::: Records provided :::

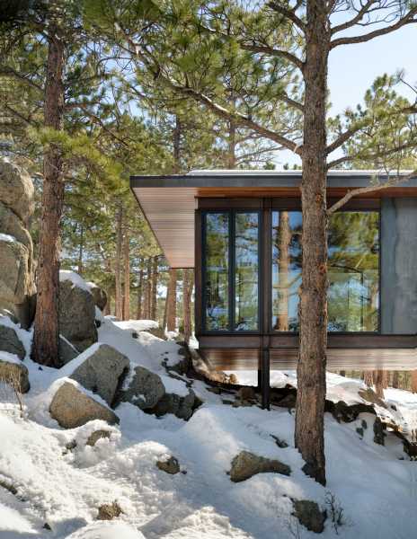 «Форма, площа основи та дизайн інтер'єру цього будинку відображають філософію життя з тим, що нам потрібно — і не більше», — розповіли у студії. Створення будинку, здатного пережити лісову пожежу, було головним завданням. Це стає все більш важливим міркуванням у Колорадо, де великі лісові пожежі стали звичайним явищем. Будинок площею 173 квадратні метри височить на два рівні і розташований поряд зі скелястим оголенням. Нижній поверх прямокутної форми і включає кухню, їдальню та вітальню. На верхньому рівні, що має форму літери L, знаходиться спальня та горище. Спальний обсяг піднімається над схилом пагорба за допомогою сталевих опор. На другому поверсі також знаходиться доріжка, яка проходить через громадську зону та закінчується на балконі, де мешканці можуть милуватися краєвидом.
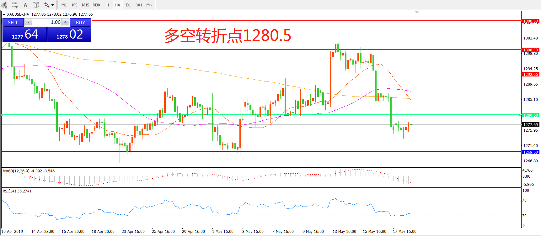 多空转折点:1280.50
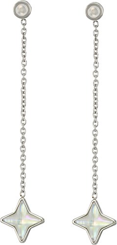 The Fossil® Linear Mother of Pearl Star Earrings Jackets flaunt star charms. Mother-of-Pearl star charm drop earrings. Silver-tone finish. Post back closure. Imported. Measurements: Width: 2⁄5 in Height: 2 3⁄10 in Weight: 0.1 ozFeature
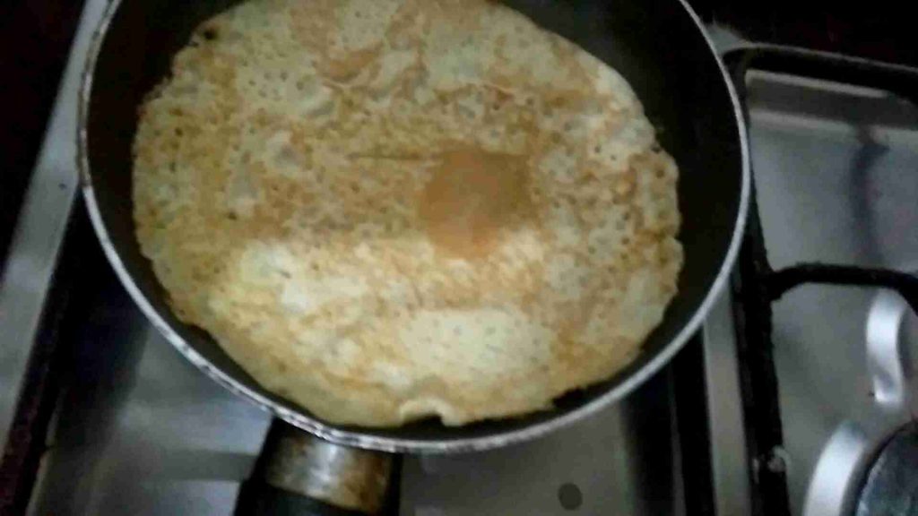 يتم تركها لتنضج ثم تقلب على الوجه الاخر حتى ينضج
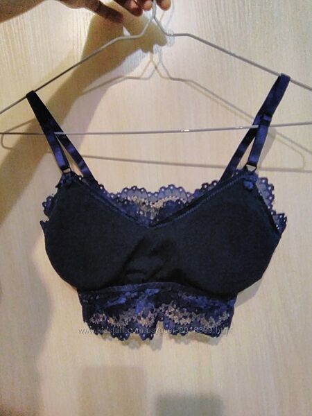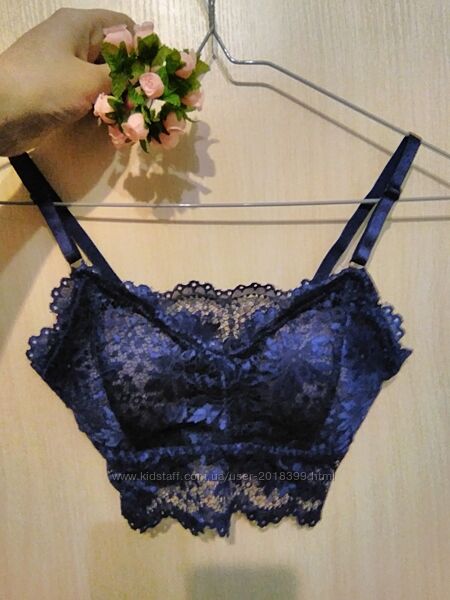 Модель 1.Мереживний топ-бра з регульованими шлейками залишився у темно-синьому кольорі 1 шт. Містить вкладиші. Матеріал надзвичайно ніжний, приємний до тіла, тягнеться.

:::

■ How to complete this task ■
After locating the line containing "يتم تركها لتنضج" in the entries above, repeat only it and each later line through the end, exactly, without any pictures.

■ Response to this task ■
 يتم تركها لتنضج ثم تقلب على الوجه الاخر حتى ينضج
 Модель 1.Мереживний топ-бра з регульованими шлейками залишився у темно-синьому кольорі 1 шт. Містить вкладиші. Матеріал надзвичайно ніжний, приємний до тіла, тягнеться.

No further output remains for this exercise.